Die Frau seiner Träume ist Tulpan freilich nicht im klassischen Sinn. Vielmehr materialisieren sich Asas Sehnsüchte in ihr. Tulpan ist Projektionsfläche, und diese bleibt für ihn wie uns blank, zumal weder er noch wir sie je zu Gesicht bekommen. Träume und Sehnsüchte sind hier überhaupt zentral. In ihnen finden die Protagonisten Zuflucht, wenn Frust und Ungeduld zu obsiegen drohen, wobei sie gleichwohl genügsam bleiben. Asa und sein ganz hollywoodhaft jovialer Sidekick Boni (Tulepbergen Baisakalov) blättern zwar gerne in zerfledderten Magazinen, in welchen die Verheissungen der 500 Kilometer entfernt liegenden Stadt locken. Doch wenigstens bei Asa spürt man, dass seine Vorstellungen von Glück woanders ihre Erfüllung finden werden. Namentlich ebendort, wo er jetzt ist, in der von Sandstürmen, Kindergesang und einer kranken Schafherde umrahmten Steppe, deren Weite und Schlichtheit Dvortsevoy in sehr langen Einstellungen zu vermessen sucht.
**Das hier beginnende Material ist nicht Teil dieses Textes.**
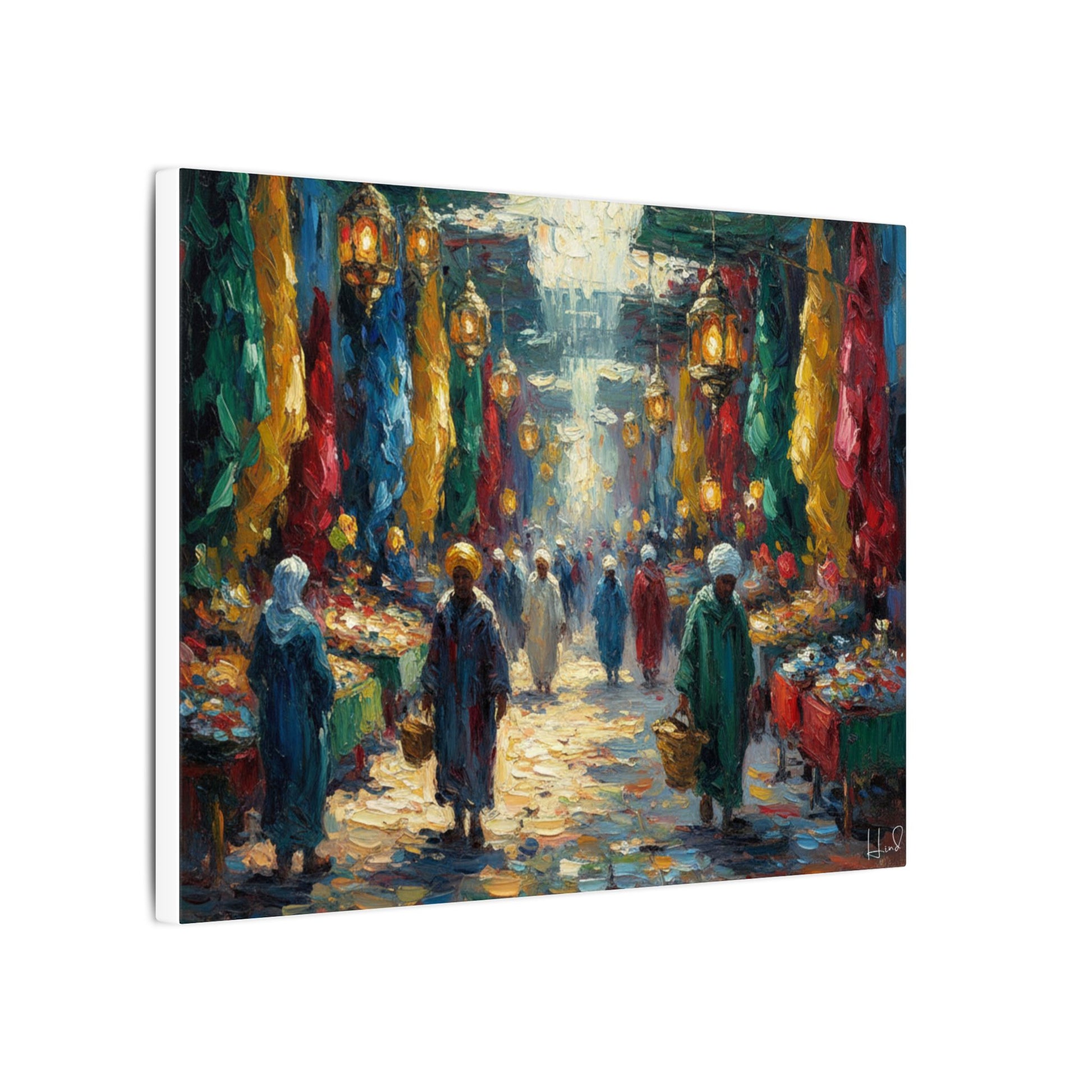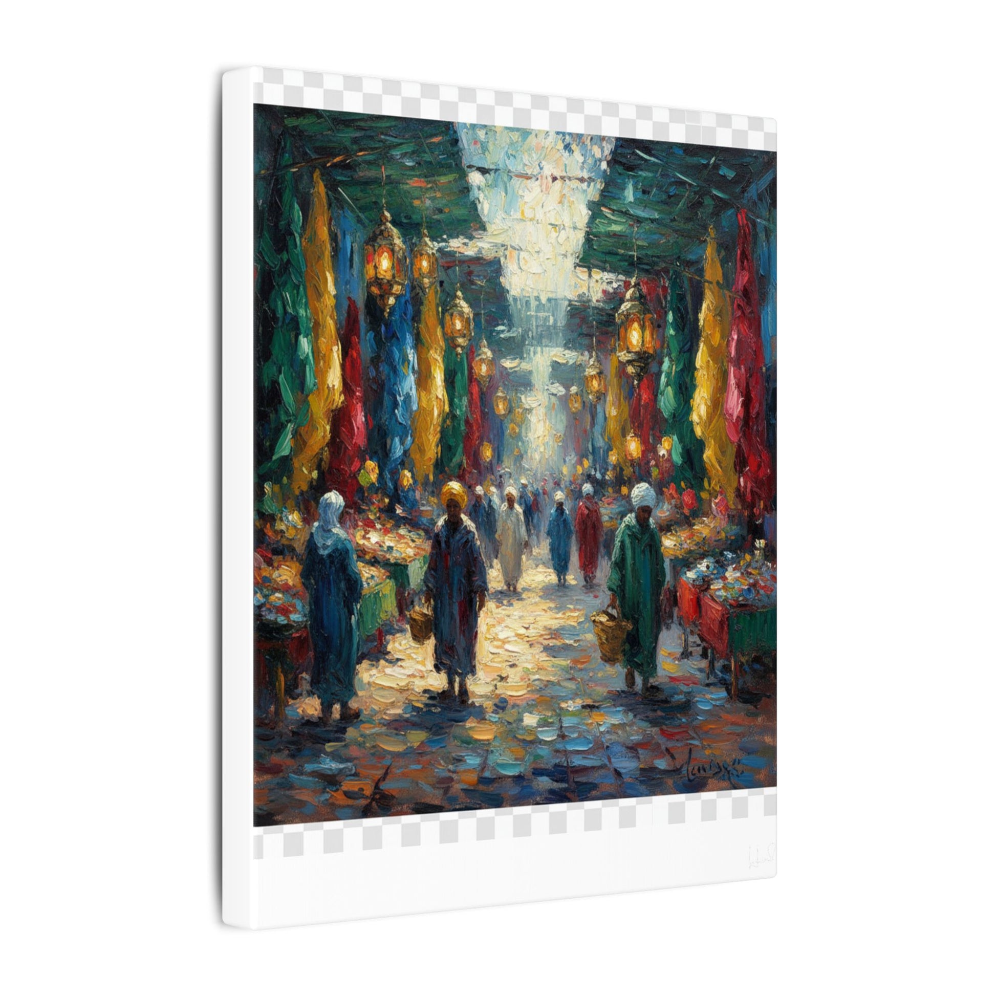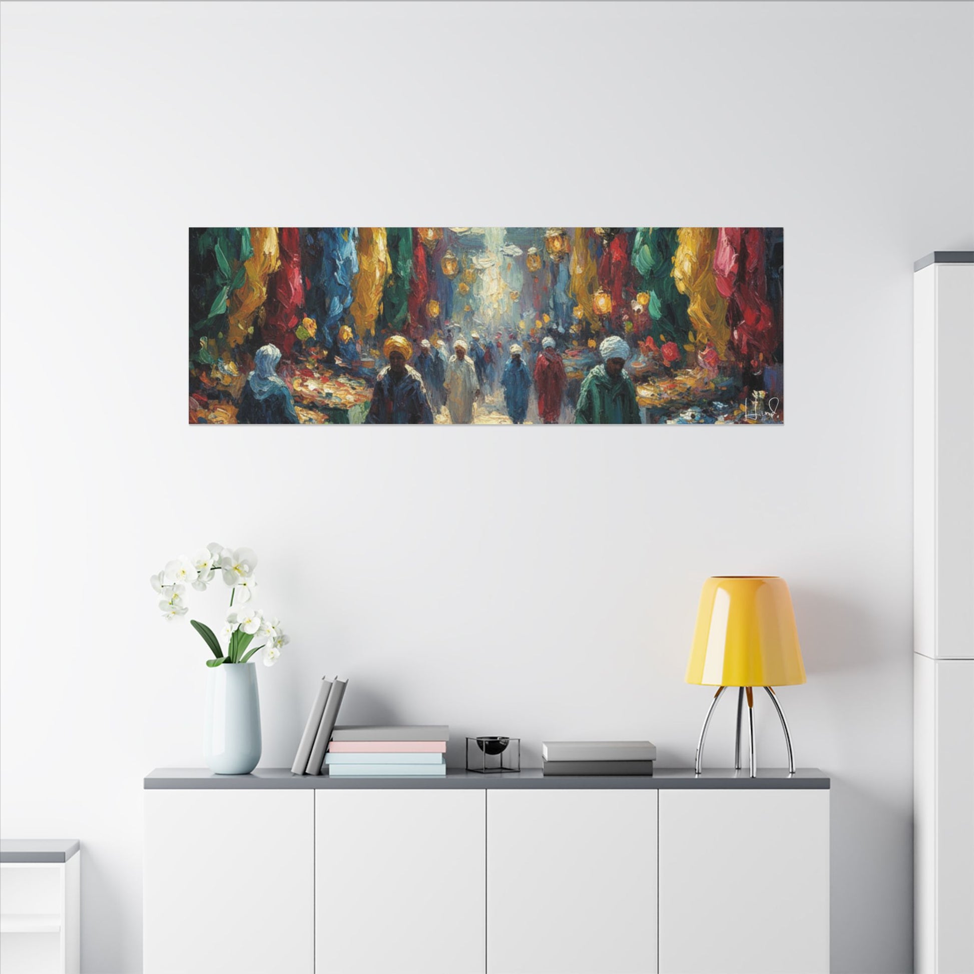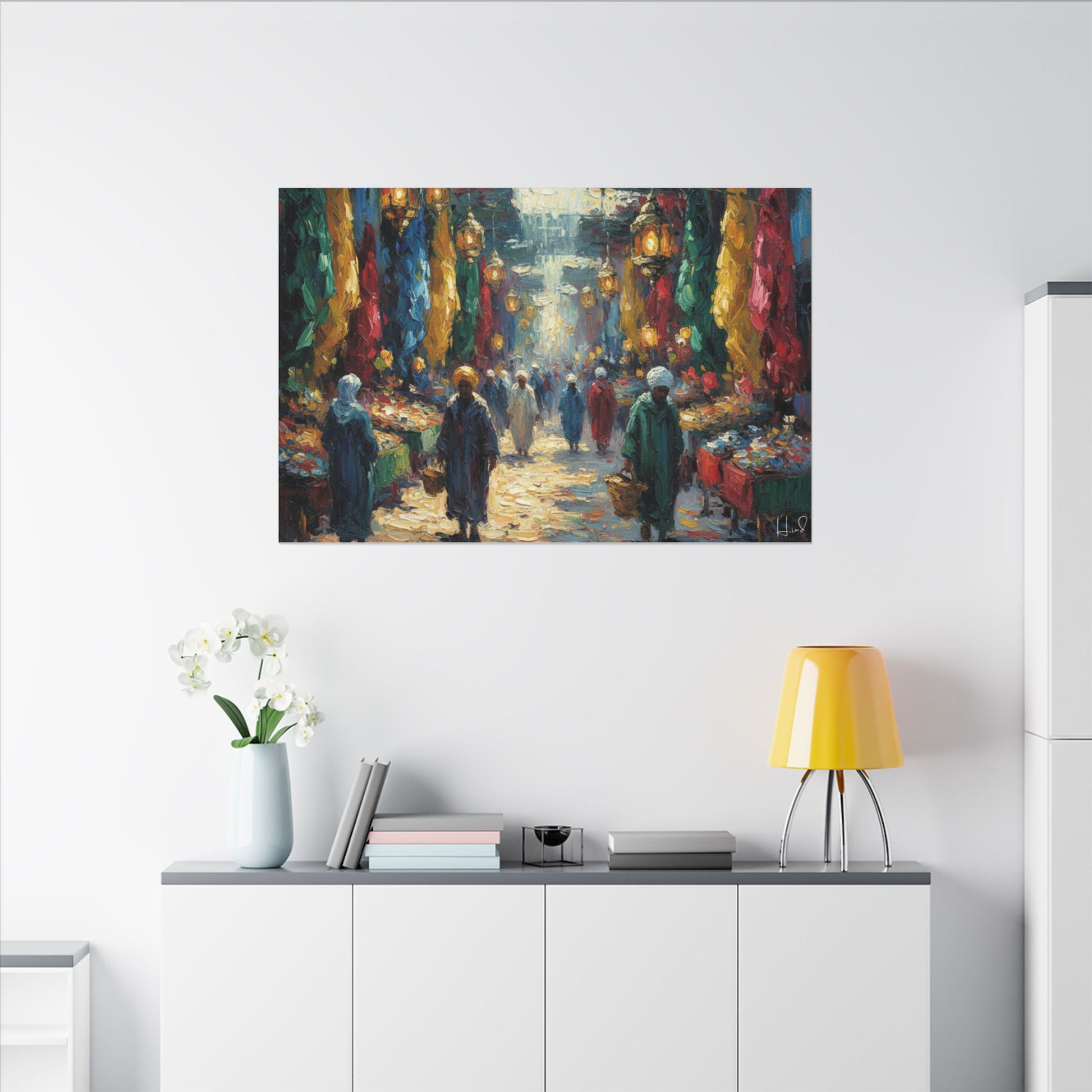 Middle Eastern Market Matte Canvas Wall Art — Colorful Bazaar Street Scene
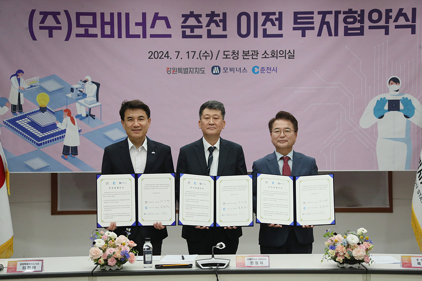 (강원=NSP통신) 조이호 기자 = 강원특별자치도(지사 김진태)가 17일 도청 본관 소회의실에서 춘천시, 모비너스와 함께 투자협약식을 체결했다.

Stellenweise erinnert «Tulpan» dadurch, aber auch mit der Thematik der «schwierigen» Liebe an das unlängst vorgelegte mexikanische Wunderwerk «Stellet Licht». Da wie dort ist die Landschaft die eigentliche Hauptfigur, und auf dem Weg zu deren konzentriert plastischer Schilderung wird das Publikum dort wie da mit einer für moderne Sehgewohnheiten fast irritierend tiefen Schnittzahl herausgefordert. Bei «Tulpan» bleibt freilich auch Platz für Skurriles wie etwa den mit unzähligen Fotos nackter Frauen verzierten Geländewagen, aus dessen Radio unablässig «Rivers of Babylon» der Siebzigerjahre-Plastikkombo Boney M. ertönt, oder anderen ulkigen Gerätschaften, die wiederum von Kusturica geborgt sein könnten. Mit derlei Brüchen holt sich Dvortsevoy, durchaus kalkuliert, letztlich jene Sympathien, die seinen ohnehin schon denkwürdigen Film zu einem unvergesslichen Erlebnis machen.